** PROBLEM DESCRIPTION **
In your copy, leave out the pictures and repeat the entries below exactly.

[Source data]
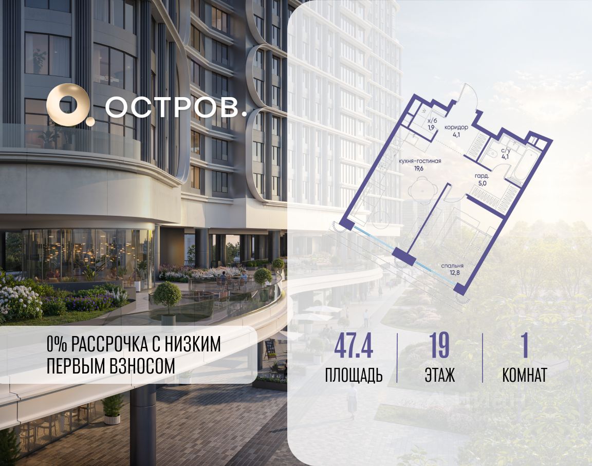 Продаётся однокомнатная квартира от застройщика: общая площадь 47.40 м², жилая 12.80 м², кухня 19.60 м², 19, жилой квартал ''Остров 7'', корпус 7 (7 квартал) (секция 1). срок сдачи: 4-кв. 2025. , 1 совмещенный санузел. В жилой зоне 2 больших окна на одну сторону, хорошая инсоляция.
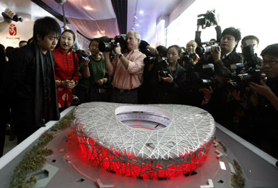 Updated: 2007-10-25 20:15 ![]() A guide (2nd L) briefs Chinese pianist Lang Lang (L) as he looks at a model of the National Olympic Stadium, also known as "The Bird's Nest", during a tour of the Olympic site in Beijing October 25, 2007. [Agencies]
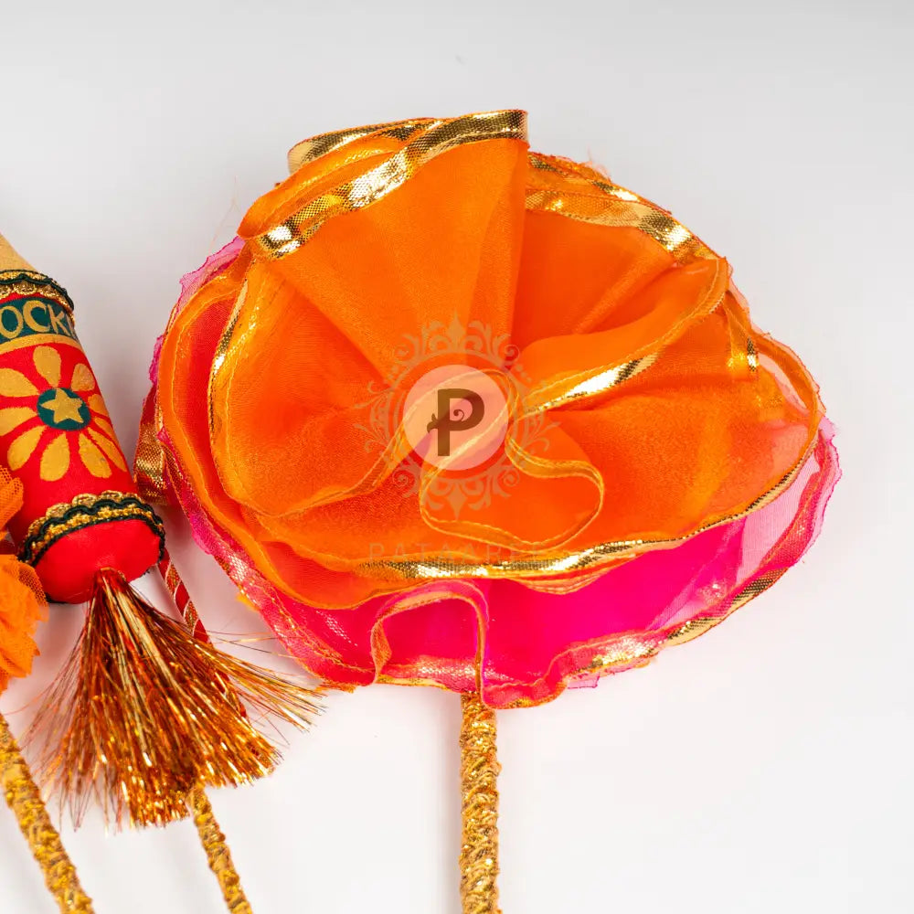 Celebrate an Eco-Friendly Diwali with our Firecracker Bunch, made from fabric and gota, featuring 8 handcrafted elements. Perfect for Diwali decor, Diwali gifting, or your 1st Diwali, this sustainable and unique piece adds charm to your home decor while honoring tradition.
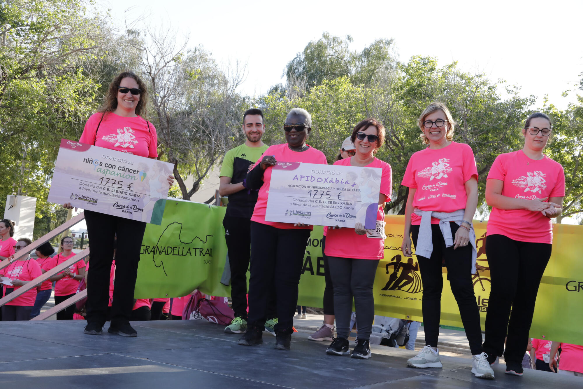 Finalmente, la Cursa de la Dona logró recaudar 3.550 euros, a destinar, a partes iguales para Aspanion, Asociación de Madres y Padres de Niñas y Niños con Cáncer, y Afido, la Asociación para la Fibromialgia y el Dolor de Xàbia.
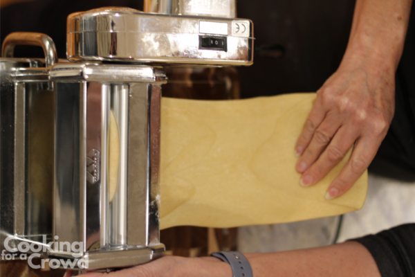 Continue running the pasta dough through the machine, changing the setting to a narrower width each time until you are happy with the thickness. I usually go from zero to six on my Marcato.
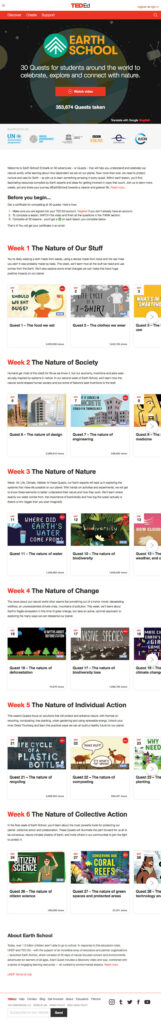 في مواجهة هذه الأزمة، برز تعاون غير مسبوق بين برنامج الأمم المتحدة للبيئة ومبادرة “تيد إيد” للشباب والتعليم مع خبراء من “ناشيونال جيوغرافيك” و”الصندوق العالمي للطبيعة” و”هيئة الإذاعة البريطانية”، لإيجاد منصة تعليمية مجانية عالية الجودة تساعد الطلاب وأولياء الأمور والمعلمين حول العالم، الموجودين حالياً في المنازل، لاستكشاف علوم كوكب الأرض وخصائصه الفريدة. وهكذا تم إطلاق “مدرسة الأرض” في تاريخ يحمل دلالات تتماشى مع روحية المبادرة وهو الذكرى الخمسين ليوم الأرض، أي في 22 أبريل 2020م، وذلك بإصدار فِلْم فيديو واحد يومياً، واستمر ذلك حتى “يوم البيئة العالمي” في 5 يونيو.
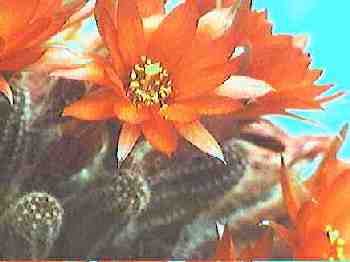 | Tija: Una d'aquestes tiges, generalment amb 8 costelles i espines denses, quasi blanques, desenvolupa a l'estiu vàries flors. Flor: Desenvolupa grans i belles flors de color vermell. |
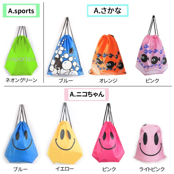 関連ワード:ジムサック 巾着 シューズ収納 軽い荷物 水泳用 巾着袋 ハイキング 修学旅行 校外学習 部活 中学校 ナップザック 体操福袋 お着換え袋 ニコちゃん
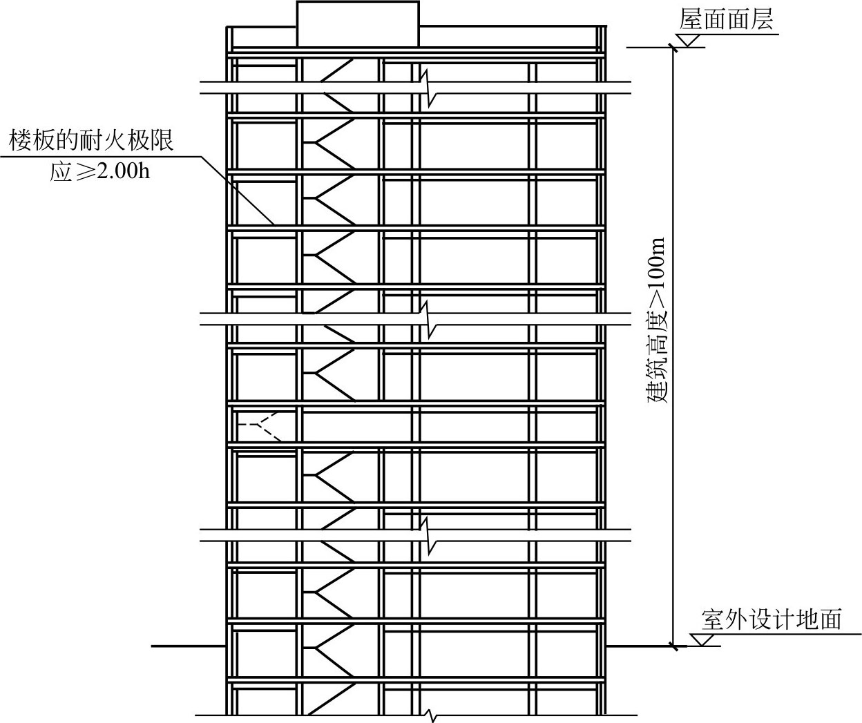 (3)建筑高度大于100m的民用建筑,其楼板的耐火极限不应低于2.00h,如图1-4所示。
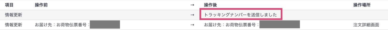 ・モール側にトラッキングナンバーを反映完了時、 操作履歴に「トラッキングナンバーを送信しました」の表示が出るよう改修を行いました。
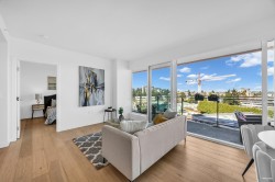 Welcome to SEMIAH by Marcon. This gorgeous and spacious 1,208 sqft 2 bed, 2 bath home and a flex area in the heart of White Rock is one of the best view buildings in the area. Sweeping mountain views reaching to Semiahmoo bay, this quality built home is finished with top of the line appliances including a wolf gas range and Bosch refrigerator & dishwasher. The cabinetry throughout is solid wood. Other bonus features air conditioning, plenty of sweeping windows, closets with built in shelving & spa-inspired ensuites. Don't miss out!

** YOUR SOLUTION **
 Продаётся однокомнатная квартира от застройщика: общая площадь 47.40 м², жилая 12.80 м², кухня 19.60 м², 19, жилой квартал ''Остров 7'', корпус 7 (7 квартал) (секция 1). срок сдачи: 4-кв. 2025. , 1 совмещенный санузел. В жилой зоне 2 больших окна на одну сторону, хорошая инсоляция.
 Updated: 2007-10-25 20:15 ![]() A guide (2nd L) briefs Chinese pianist Lang Lang (L) as he looks at a model of the National Olympic Stadium, also known as "The Bird's Nest", during a tour of the Olympic site in Beijing October 25, 2007. [Agencies]
 Celebrate an Eco-Friendly Diwali with our Firecracker Bunch, made from fabric and gota, featuring 8 handcrafted elements. Perfect for Diwali decor, Diwali gifting, or your 1st Diwali, this sustainable and unique piece adds charm to your home decor while honoring tradition.
 Finalmente, la Cursa de la Dona logró recaudar 3.550 euros, a destinar, a partes iguales para Aspanion, Asociación de Madres y Padres de Niñas y Niños con Cáncer, y Afido, la Asociación para la Fibromialgia y el Dolor de Xàbia.
 Continue running the pasta dough through the machine, changing the setting to a narrower width each time until you are happy with the thickness. I usually go from zero to six on my Marcato.
 في مواجهة هذه الأزمة، برز تعاون غير مسبوق بين برنامج الأمم المتحدة للبيئة ومبادرة “تيد إيد” للشباب والتعليم مع خبراء من “ناشيونال جيوغرافيك” و”الصندوق العالمي للطبيعة” و”هيئة الإذاعة البريطانية”، لإيجاد منصة تعليمية مجانية عالية الجودة تساعد الطلاب وأولياء الأمور والمعلمين حول العالم، الموجودين حالياً في المنازل، لاستكشاف علوم كوكب الأرض وخصائصه الفريدة. وهكذا تم إطلاق “مدرسة الأرض” في تاريخ يحمل دلالات تتماشى مع روحية المبادرة وهو الذكرى الخمسين ليوم الأرض، أي في 22 أبريل 2020م، وذلك بإصدار فِلْم فيديو واحد يومياً، واستمر ذلك حتى “يوم البيئة العالمي” في 5 يونيو.
 | Tija: Una d'aquestes tiges, generalment amb 8 costelles i espines denses, quasi blanques, desenvolupa a l'estiu vàries flors. Flor: Desenvolupa grans i belles flors de color vermell. |
 関連ワード:ジムサック 巾着 シューズ収納 軽い荷物 水泳用 巾着袋 ハイキング 修学旅行 校外学習 部活 中学校 ナップザック 体操福袋 お着換え袋 ニコちゃん
 (3)建筑高度大于100m的民用建筑,其楼板的耐火极限不应低于2.00h,如图1-4所示。
 ・モール側にトラッキングナンバーを反映完了時、 操作履歴に「トラッキングナンバーを送信しました」の表示が出るよう改修を行いました。
 Welcome to SEMIAH by Marcon. This gorgeous and spacious 1,208 sqft 2 bed, 2 bath home and a flex area in the heart of White Rock is one of the best view buildings in the area. Sweeping mountain views reaching to Semiahmoo bay, this quality built home is finished with top of the line appliances including a wolf gas range and Bosch refrigerator & dishwasher. The cabinetry throughout is solid wood. Other bonus features air conditioning, plenty of sweeping windows, closets with built in shelving & spa-inspired ensuites. Don't miss out!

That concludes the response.